LISTED RECORDS:

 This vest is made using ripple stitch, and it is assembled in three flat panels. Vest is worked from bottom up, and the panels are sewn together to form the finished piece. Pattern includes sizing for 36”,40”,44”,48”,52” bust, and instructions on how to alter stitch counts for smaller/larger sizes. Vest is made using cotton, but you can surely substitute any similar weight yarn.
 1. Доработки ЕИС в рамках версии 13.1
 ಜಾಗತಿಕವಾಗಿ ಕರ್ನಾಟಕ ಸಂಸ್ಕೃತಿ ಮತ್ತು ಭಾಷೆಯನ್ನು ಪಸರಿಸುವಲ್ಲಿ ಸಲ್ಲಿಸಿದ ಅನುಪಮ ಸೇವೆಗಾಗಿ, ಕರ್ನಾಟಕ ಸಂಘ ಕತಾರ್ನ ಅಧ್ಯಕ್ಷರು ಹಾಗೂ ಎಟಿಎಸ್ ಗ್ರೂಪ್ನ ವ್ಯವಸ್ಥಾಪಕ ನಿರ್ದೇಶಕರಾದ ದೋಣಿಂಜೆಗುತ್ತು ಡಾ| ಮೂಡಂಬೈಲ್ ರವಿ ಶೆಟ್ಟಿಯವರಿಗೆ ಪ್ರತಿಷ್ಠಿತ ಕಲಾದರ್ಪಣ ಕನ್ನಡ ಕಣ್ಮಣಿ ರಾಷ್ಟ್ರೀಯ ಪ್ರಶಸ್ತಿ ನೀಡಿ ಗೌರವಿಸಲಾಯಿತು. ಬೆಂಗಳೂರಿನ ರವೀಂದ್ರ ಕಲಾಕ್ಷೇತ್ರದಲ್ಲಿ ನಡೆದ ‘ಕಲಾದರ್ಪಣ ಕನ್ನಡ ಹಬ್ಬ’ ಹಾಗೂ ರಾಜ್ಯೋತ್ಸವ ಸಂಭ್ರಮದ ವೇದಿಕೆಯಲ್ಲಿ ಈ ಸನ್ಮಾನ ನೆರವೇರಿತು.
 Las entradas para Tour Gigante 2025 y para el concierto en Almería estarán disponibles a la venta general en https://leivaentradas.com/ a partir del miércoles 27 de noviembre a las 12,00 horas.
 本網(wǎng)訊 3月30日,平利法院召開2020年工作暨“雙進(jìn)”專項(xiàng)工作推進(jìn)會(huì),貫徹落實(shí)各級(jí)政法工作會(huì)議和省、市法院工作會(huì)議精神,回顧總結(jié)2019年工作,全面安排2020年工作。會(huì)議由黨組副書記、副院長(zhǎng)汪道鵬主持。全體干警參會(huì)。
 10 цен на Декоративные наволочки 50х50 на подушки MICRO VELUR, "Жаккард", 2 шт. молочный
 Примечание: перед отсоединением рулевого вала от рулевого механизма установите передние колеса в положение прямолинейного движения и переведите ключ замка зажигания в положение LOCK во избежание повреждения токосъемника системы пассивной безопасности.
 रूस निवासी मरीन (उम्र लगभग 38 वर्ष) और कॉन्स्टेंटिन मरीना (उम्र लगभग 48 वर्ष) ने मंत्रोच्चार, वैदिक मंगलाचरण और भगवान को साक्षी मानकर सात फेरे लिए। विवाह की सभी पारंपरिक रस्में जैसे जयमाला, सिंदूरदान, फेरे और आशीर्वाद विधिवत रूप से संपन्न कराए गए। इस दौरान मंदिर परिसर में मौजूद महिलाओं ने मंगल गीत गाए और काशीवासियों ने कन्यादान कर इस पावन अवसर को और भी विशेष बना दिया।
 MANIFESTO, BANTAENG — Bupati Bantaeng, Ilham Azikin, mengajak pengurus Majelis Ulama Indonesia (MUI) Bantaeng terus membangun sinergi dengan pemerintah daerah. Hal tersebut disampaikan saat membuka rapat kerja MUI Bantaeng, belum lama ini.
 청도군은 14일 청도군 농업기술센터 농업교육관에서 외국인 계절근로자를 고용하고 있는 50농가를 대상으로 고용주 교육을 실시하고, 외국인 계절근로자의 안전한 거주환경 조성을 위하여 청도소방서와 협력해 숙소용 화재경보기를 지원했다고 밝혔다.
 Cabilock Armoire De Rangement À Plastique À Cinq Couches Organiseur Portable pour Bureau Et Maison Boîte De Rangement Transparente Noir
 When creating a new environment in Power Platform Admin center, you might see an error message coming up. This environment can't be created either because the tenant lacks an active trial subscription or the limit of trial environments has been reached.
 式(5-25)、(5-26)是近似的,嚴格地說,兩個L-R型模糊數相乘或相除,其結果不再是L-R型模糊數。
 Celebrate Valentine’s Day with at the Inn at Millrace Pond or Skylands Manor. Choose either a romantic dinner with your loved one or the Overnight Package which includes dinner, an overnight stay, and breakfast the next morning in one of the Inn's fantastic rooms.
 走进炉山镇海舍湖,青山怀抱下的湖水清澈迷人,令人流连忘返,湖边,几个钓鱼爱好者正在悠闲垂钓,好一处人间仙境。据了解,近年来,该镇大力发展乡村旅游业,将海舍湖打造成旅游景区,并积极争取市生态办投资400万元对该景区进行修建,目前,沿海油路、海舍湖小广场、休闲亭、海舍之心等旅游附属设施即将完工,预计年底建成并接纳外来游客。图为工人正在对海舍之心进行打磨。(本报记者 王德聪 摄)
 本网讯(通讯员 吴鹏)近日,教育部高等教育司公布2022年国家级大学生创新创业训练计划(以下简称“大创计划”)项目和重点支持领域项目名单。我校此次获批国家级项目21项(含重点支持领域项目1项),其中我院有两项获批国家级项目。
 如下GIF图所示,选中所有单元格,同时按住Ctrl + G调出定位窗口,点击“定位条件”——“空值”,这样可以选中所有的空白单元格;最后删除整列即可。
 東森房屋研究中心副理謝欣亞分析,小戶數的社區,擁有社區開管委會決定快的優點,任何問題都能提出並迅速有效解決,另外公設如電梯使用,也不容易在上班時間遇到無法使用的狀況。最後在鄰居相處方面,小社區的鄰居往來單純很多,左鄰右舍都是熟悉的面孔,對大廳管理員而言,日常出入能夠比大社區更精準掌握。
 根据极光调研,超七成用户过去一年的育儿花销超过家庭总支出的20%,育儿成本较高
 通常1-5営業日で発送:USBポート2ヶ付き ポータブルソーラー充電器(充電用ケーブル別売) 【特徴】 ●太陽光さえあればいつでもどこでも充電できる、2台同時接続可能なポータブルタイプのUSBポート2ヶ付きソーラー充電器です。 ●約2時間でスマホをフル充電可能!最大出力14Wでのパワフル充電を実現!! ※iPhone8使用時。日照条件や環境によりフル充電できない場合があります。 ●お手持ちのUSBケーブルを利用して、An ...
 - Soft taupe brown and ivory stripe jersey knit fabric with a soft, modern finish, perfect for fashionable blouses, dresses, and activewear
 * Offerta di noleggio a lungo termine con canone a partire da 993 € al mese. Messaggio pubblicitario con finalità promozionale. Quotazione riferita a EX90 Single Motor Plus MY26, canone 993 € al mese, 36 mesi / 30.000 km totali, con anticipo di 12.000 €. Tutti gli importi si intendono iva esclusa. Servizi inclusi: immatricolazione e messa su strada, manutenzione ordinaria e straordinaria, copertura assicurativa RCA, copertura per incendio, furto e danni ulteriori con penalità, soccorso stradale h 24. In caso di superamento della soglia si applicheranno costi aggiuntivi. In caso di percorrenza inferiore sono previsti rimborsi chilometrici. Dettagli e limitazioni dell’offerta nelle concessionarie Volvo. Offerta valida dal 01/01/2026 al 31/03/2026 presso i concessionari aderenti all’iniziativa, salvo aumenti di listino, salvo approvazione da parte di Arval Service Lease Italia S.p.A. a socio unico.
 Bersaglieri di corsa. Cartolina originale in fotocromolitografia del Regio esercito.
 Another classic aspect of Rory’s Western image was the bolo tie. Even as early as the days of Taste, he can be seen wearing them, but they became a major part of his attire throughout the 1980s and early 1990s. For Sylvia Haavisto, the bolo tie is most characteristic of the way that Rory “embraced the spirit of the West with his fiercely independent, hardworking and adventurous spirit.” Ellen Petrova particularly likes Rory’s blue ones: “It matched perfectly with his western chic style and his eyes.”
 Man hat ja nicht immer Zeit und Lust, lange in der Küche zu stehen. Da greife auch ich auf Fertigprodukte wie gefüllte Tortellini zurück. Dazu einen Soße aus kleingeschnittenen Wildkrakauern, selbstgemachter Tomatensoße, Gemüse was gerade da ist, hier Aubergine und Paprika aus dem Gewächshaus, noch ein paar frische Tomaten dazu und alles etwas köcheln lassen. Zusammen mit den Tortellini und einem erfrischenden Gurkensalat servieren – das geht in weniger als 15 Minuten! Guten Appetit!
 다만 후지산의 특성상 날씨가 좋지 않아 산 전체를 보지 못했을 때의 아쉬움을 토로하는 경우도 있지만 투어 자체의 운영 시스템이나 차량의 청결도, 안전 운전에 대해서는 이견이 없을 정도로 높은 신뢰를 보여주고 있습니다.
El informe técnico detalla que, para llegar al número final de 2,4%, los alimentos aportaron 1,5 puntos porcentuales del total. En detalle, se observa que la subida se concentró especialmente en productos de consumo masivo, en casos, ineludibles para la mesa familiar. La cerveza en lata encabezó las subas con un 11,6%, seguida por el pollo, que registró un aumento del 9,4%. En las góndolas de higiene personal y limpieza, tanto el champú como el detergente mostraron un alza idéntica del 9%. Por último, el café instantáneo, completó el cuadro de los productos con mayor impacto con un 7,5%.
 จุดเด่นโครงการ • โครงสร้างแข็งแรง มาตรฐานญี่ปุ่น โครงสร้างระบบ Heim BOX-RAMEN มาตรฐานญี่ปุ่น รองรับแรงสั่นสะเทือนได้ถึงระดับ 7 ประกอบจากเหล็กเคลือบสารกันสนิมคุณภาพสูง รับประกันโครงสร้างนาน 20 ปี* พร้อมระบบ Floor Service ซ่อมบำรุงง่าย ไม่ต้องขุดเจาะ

EXERCISE DETAILS: Set every line down again exactly. Begin with the first line of the entries and finish with the line containing "1. Доработки ЕИС в рамках версии 13.1".

YOUR SOLUTION:
 This vest is made using ripple stitch, and it is assembled in three flat panels. Vest is worked from bottom up, and the panels are sewn together to form the finished piece. Pattern includes sizing for 36”,40”,44”,48”,52” bust, and instructions on how to alter stitch counts for smaller/larger sizes. Vest is made using cotton, but you can surely substitute any similar weight yarn.
 1. Доработки ЕИС в рамках версии 13.1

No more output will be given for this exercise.